Carmen Iglesias, la diputada que rompió las mareas: «Non me enviaron a un gulag porque non lle cadrou»

ALLARIZ

Carmen Iglesias, en una imagen tomada esta semana en Allariz, donde reside ahora
Carmen Iglesias, en una imagen tomada esta semana en Allariz, donde reside ahora Santi M. Amil

Provocó la primera detonación en la izquierda alternativa, en la antigua AGE, al negarse a renunciar a su acta en el Parlamento. Aquel episodio, recuerda 6 años después, tuvo un coste personal enorme

22 oct 2020 . Actualizado a las 05:00 h.

Llegó a Allariz como una especie de refugiada política y se declara feliz de cumplir por fin «o soño de vivir no rural». La vida de Carmen Iglesias Sueiro estuvo siempre vinculada a la ciudad de Ourense y también a Esquerda Unida, organización en la que militó desde su fundación, en 1986, y de la que fue su principal referente durante años. Hasta que se negó a renunciar a un acta de diputada que en realidad le correspondía. Era el año 2014. «Tratáronme como un pano de mocos», rememora al otro lado del teléfono quien, con su gesto, provocó la primera detonación en la izquierda rupturista, entonces la coalición Alternativa Galega de Esquerda (AGE), el germen de las mareas. Iglesias acabó en el Grupo Mixto.

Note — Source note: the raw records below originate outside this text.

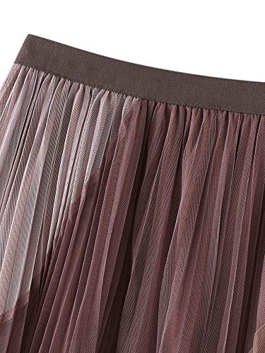 Donne Primavera Patchwork Piegato Tutu Flowy Pizzo Midi Swing Prom Gonna Ragazza Causale Vita Alta Tulle Abito A-Line Estate Donne Mesh Elastic Layered Gonna (Dark Pink, One Size)
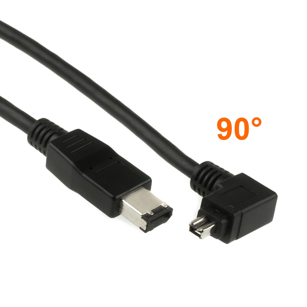 This firewire cable, which was specially manufactured for us, has a 4 pin and a 6 pin plug. The special feature is the 4 pin plug angled to the left. This makes the cable particularly suitable for use in confined spaces at the 4 pin Firewire port. In addition, the angled plug can be much better fixed with adhesive tape to prevent it from slipping out than a straight plug.
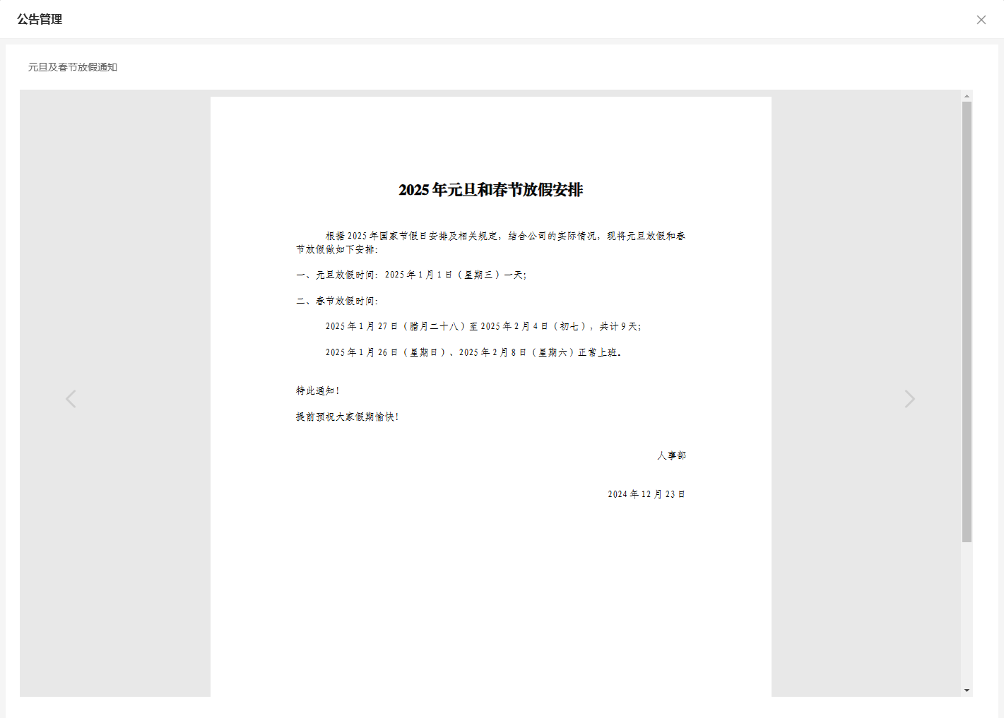 适用于需要直接预览方式展示上传文件的场景,例如公告详情页面直接预览上传的Word、PDF文档,如下图所示。
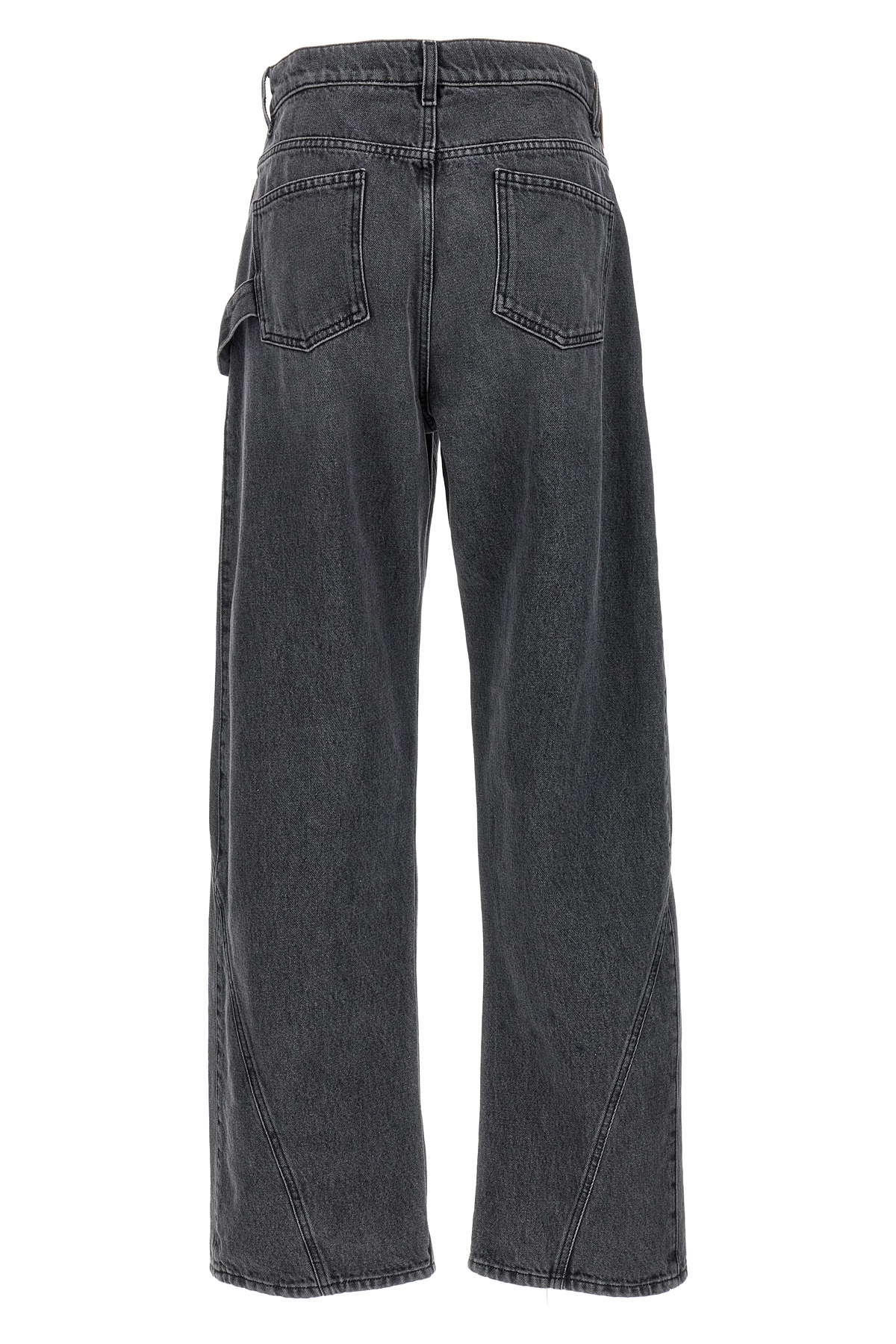 'Twisted Workwear ' cotton denim jeans with front stitching, front patch pocket detail with embroidered logo, button and zip closure.
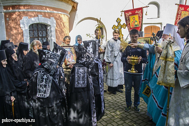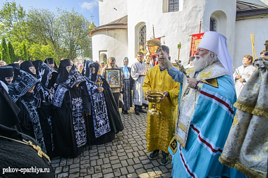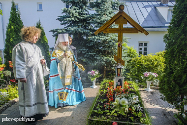 По окончании Божественной литургии митрополит Евсевий возглавил праздничный молебен с крестным ходом, во время которого у могилы усопшей настоятельницы обители схиигумении Людмилы (Ваниной) Высокопреосвященнейшим владыкой была отслужена заупокойная лития.
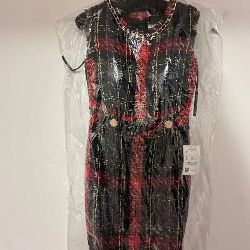 an 레드 트위드 체크 무늬 드레스 S 사이즈
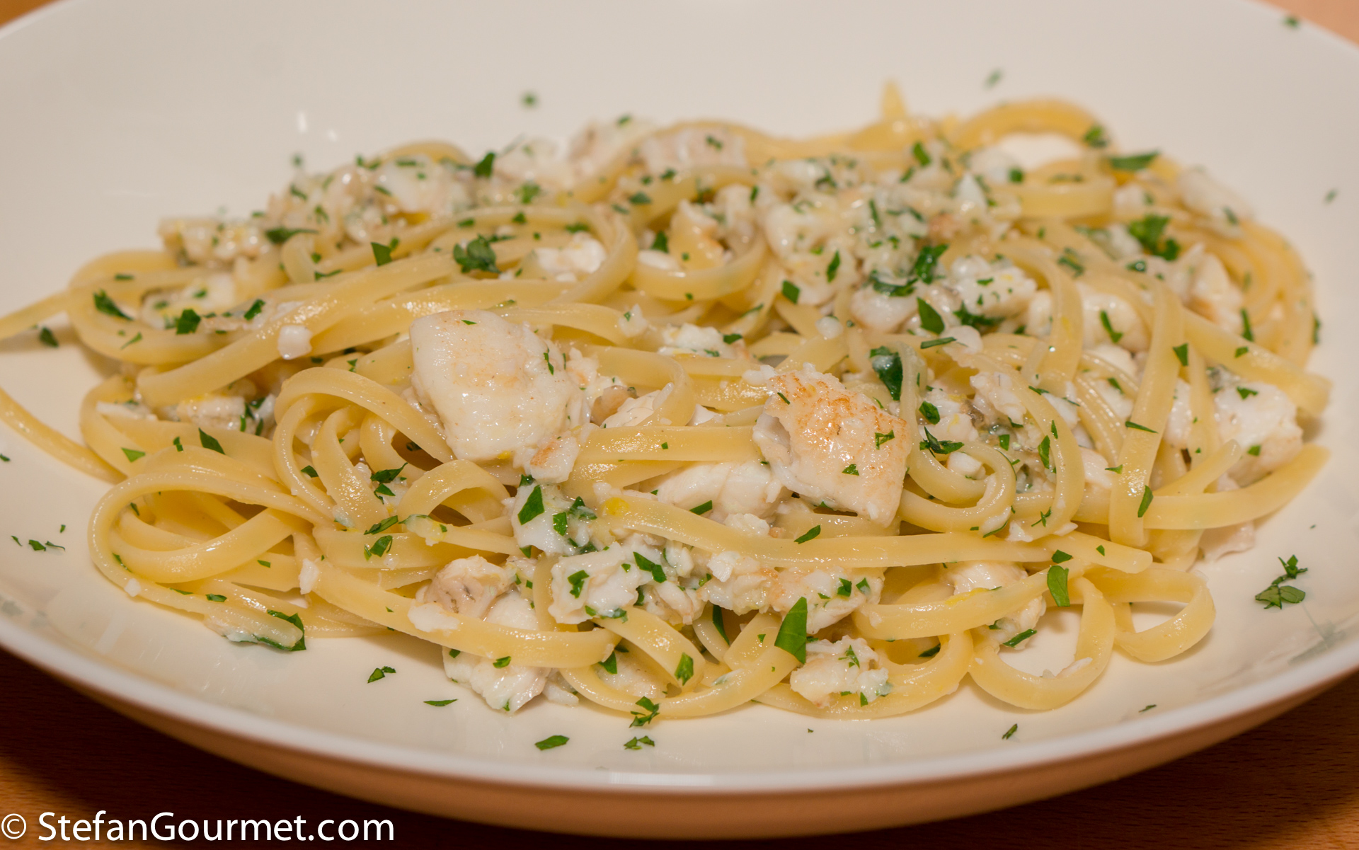This elegant pasta dish can be prepared in the time it takes to cook the pasta. Succulent pieces of sole fillet (I actually used plaice, schol in Dutch) are tossed with linguine pasta in a simple sauce of white wine, lemon zest, parsley, extra virgin olive oil and butter. It is important not to overcook the fish, as that would make it dry and fall apart. This would also be nice with fresh tagliolini.
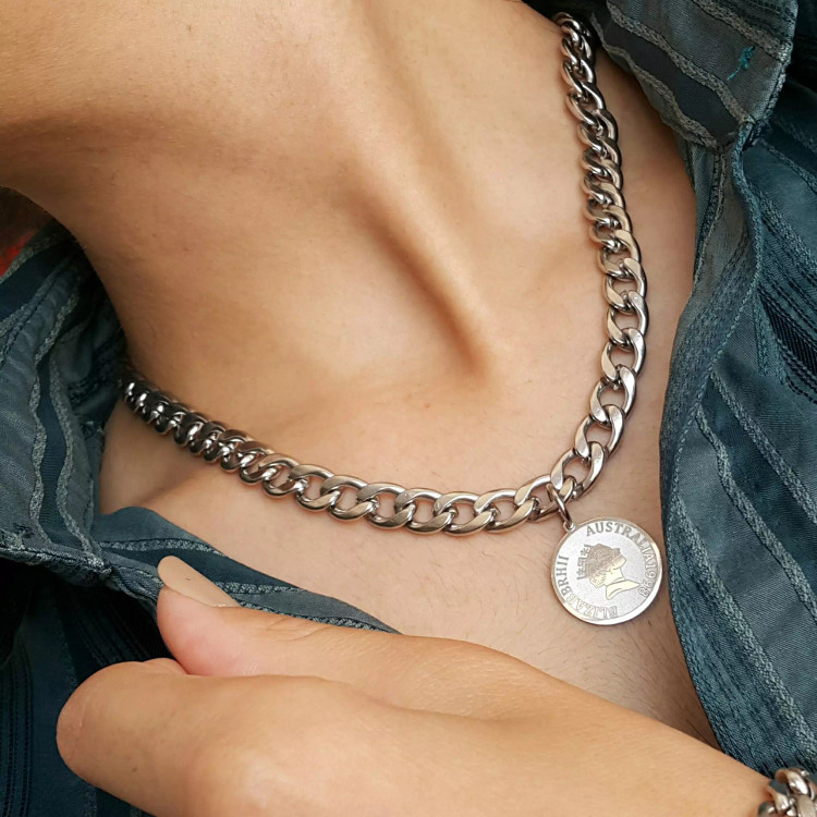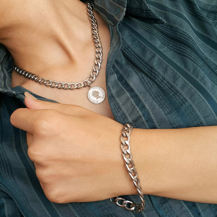 گردنبند دستبند کارتیر نقره ای استیل رنگ ثابت با آویز سکه الیزابت که مدلی اسپرت هستش مناسب مردونه و دخترونه
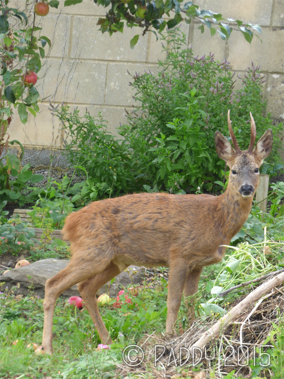 Here's the deer that was in the neighbour's garden earlier.... he seemed to be eating grass and apples ;)
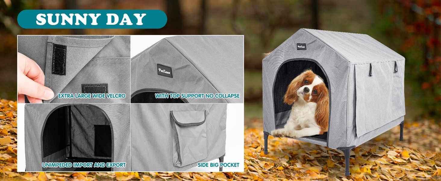 【INDOOR & OUTDOOR USE】A-frame canopy roof.There are 2 Air Vents on the pet outdoor shelter. In sunny days, curtains can be rolled up to enhance air circulation.In windy days, the curtains can be rolled down and fixed with velcros.Tips: The roof is not protected from water.In rainy days, we suggest that you move the pet bed into the house so that your furry friend won't get wet.
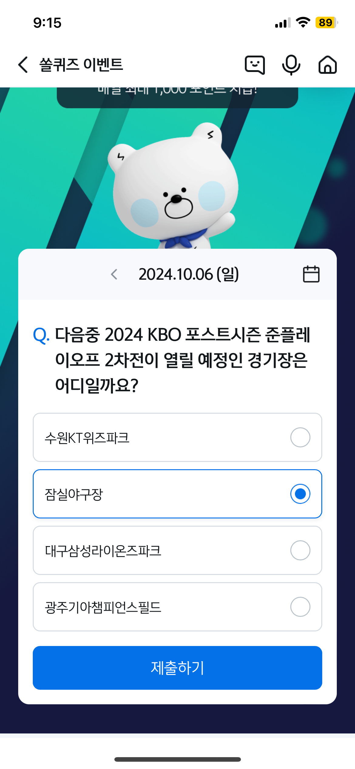 | 2025년 KBO리그 정규시즌 개막예정일 - 2024년9월30일 신한쏠퀴즈 정답 (1) | 2024.09.30 |
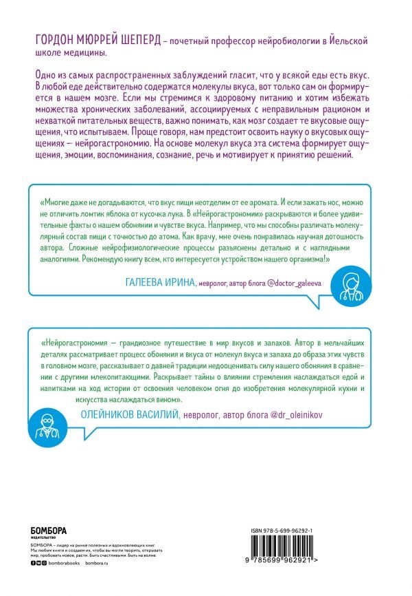 Про еду нам важно знать все: какого она цвета, какова она на запах и вкус, приятны ли ее текстура и температура. Ведь на основе этих знаний мы принимаем решение о том, стоит или не стоит это есть, удовлетворит ли данное блюдо наши физиологические потребности. На восприятие вкуса влияют практически все ощущения, которые мы испытываем, прошлый опыт и с кем мы ели то или иное блюдо. Нейрогастрономия (наука о вкусовых ощущениях) не пытается "насильно" заменить еду на более полезную, она направлена на то, как человек воспринимает ее вкус. Профессор Гордон Шеперд считает, что мы можем не только привыкнуть к более здоровой пище, но и не ощущать себя при этом так, будто постоянно чем-то жертвуем. Чтобы этого добиться, придется ввести в заблуждение мозг и заставить его думать, например, что вареное вкуснее жареного. А как это сделать — расскажет автор книги. Внимание! Информация, содержащаяся в книге, не может служить заменой консультации врача. Перед совершением любых рекомендуемых действий необходимо проконсультироваться со специалистом.
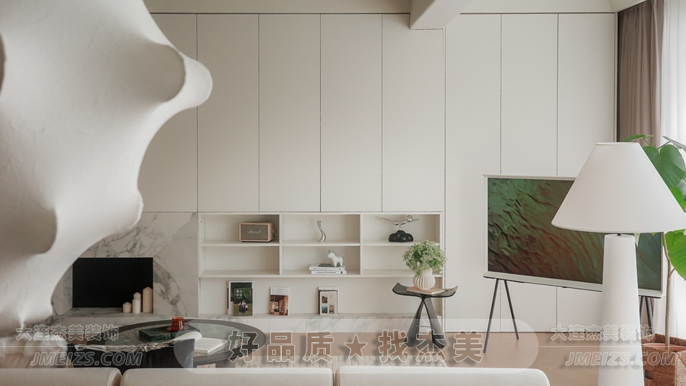 電視柜背景墻設(shè)計(jì)為2.76米到頂?shù)氖占{柜,隱藏儲(chǔ)物空間同時(shí)滿足日常收納需求。一旁的置物架上擺放著居者收藏的來(lái)自世界各地的美物,設(shè)計(jì)兼顧了功能性和美觀性。
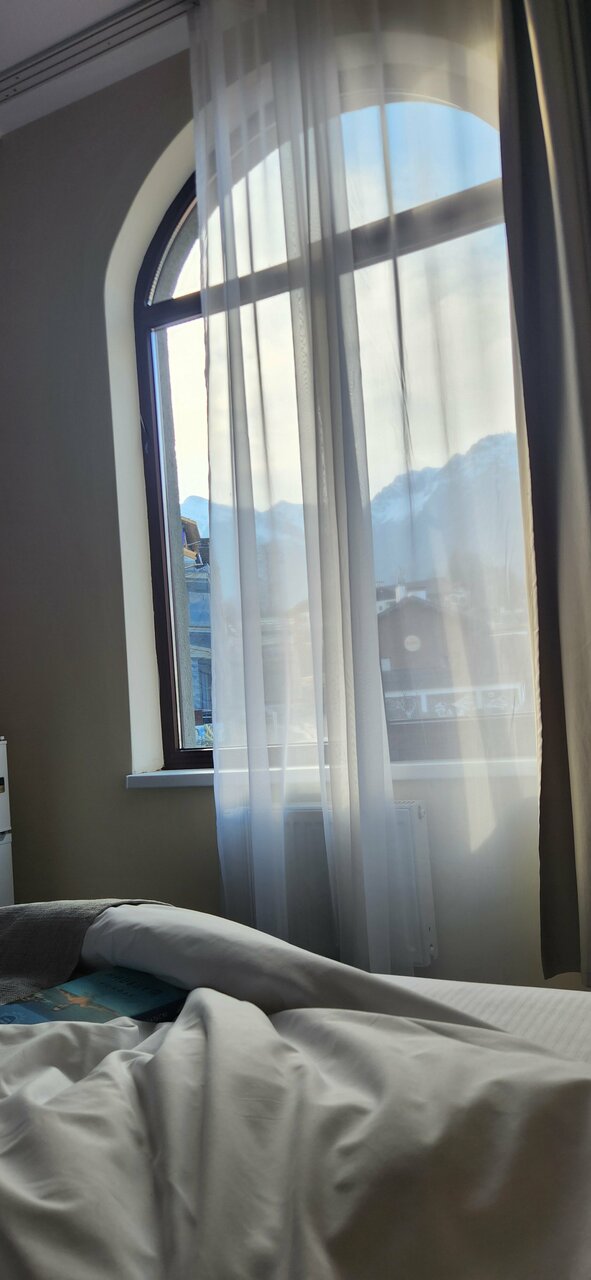 Что понравилось: отдыхали в ноябре 2025. понравилась цена. можно сказать жили практически бесплатно. 😃. Номера эконом. гостиница 2 звезды. Все очень простенько но оно и понятно. Нас не особо интересовал интерьер номера так как в нем только спали. Кровать удобная. Проблемма добраться с Роза хутор так как канатка работала до 3х часов а после ходили мини автобусы. Не все водители такси хотят заежать так как крутой подъем, серпантин и из за ремонта дороги много времени теряется. В гостинице покупали билетик на канатку. Стоил 100 руб на два дня, безлимит. Что не понравилось: нет предела совершенству Комментарий: все понравилось
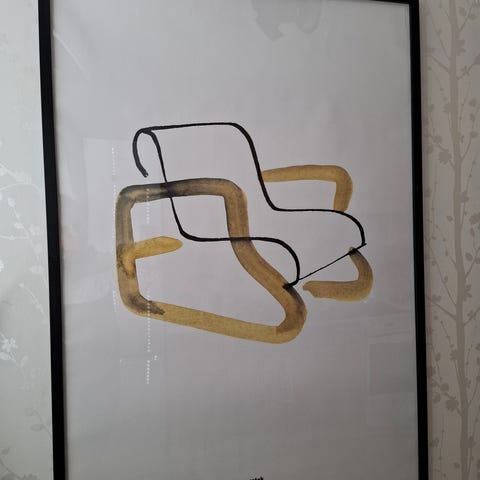 Artek juliste puukehyksissä , 100x70cm. Uusi (muovi päällä) vesiväreillä maalattu Artek Aalto 611 tuoli . Ruotsalainen taiteilija .
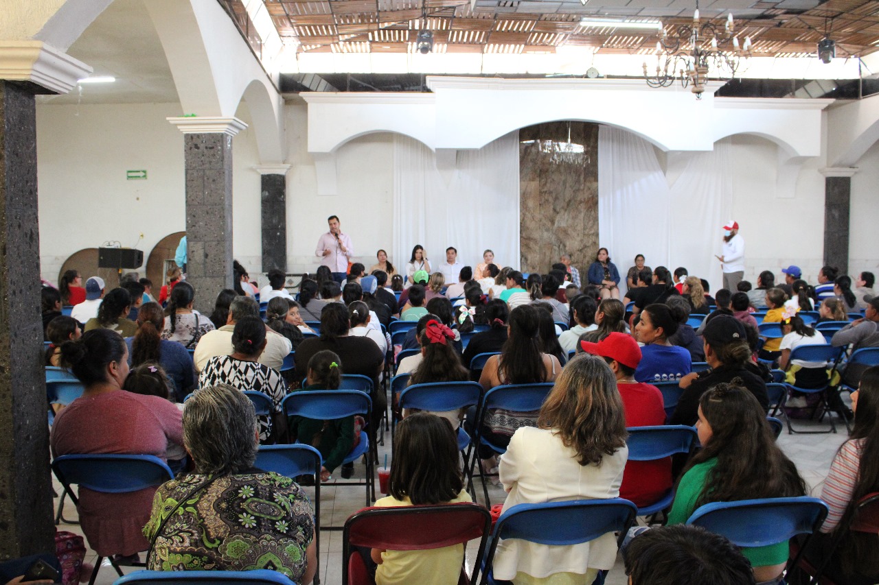 El Salón Delfos fue la sede donde 100 niños y jóvenes de nivel primaria y secundaria de diversas comunidades y cabecera municipal, obtuvieron su beca de manos de las autoridades.
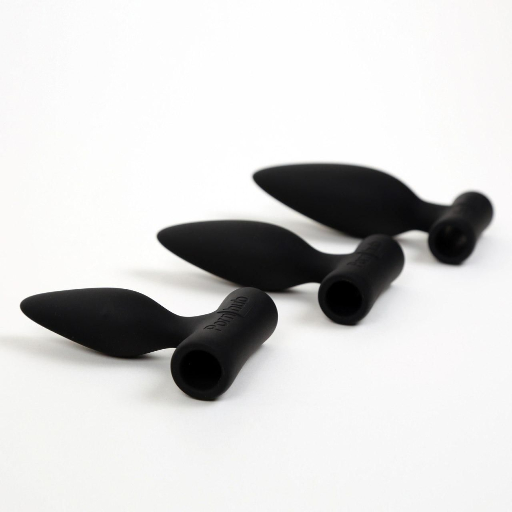 Пропонуємо купити набір анальних пробок Pornhub Anal Training Kit-відразу три пробки ідеальної форми і вібропуля на акумуляторі, яка підійде для кожної пробки. Три розміри (діаметр 2,7 см, 3,2 см і 3,8 см і вводиться довжина від 7,5 до 10,5 см) дозволять акуратно звикнути до анальних ігор і насолоджуватися ними по повній програмі! Гладка поверхня, зручна форма, безпечний обмежувач плюс 10 режимів вібрації забезпечать приємні відчуття і комфорт.

Aquella ruptura de AGE, a la que después siguió la fuga de dos diputadas más de Cerna y las sucesivas tensiones vividas en el seno de En Marea hasta su práctica disolución, tuvo para Iglesias un coste personal enorme. «Sufrín unha purga con todas as da lei», relata. Quienes fueron sus antiguos camaradas intentaron aislarla, convenciendo a muchos para que dejaran de saludarla. «Cortáronme o osíxeno e non me enviaron a un gulag porque non lle cadrou», añade Iglesias, que hace algo más de cuatro años, y jubilada, decidió mudarse a Allariz para resetear su vida. El caso es que, ahora, canta a los cuatro vientos las excelencias de la que fuera villa fetiche del BNG: «É un lugar excepcional para vivir, ofrece moitas actividades, ten unha programación cultural de primeira».

Ella misma, a sus 68 años, se ha embarcado en unas cuantas causas. Colabora activamente con Doulas Sonoras, un grupo de apoyo a las mujeres rurales víctimas de la violencia de género o que sufren algún tipo de discriminación. También se subió a las tablas, preparando una obra de teatro sobre la vida de las Marías de Santiago, Maruxa y Coralia Fandiño, a las que añaden una tercera protagonista, Sara, hermana de ambas. Y como colofón participa en dos grupos de lectura: en el creado por la Universidade Laboral de Ourense y en el de la biblioteca de Allariz.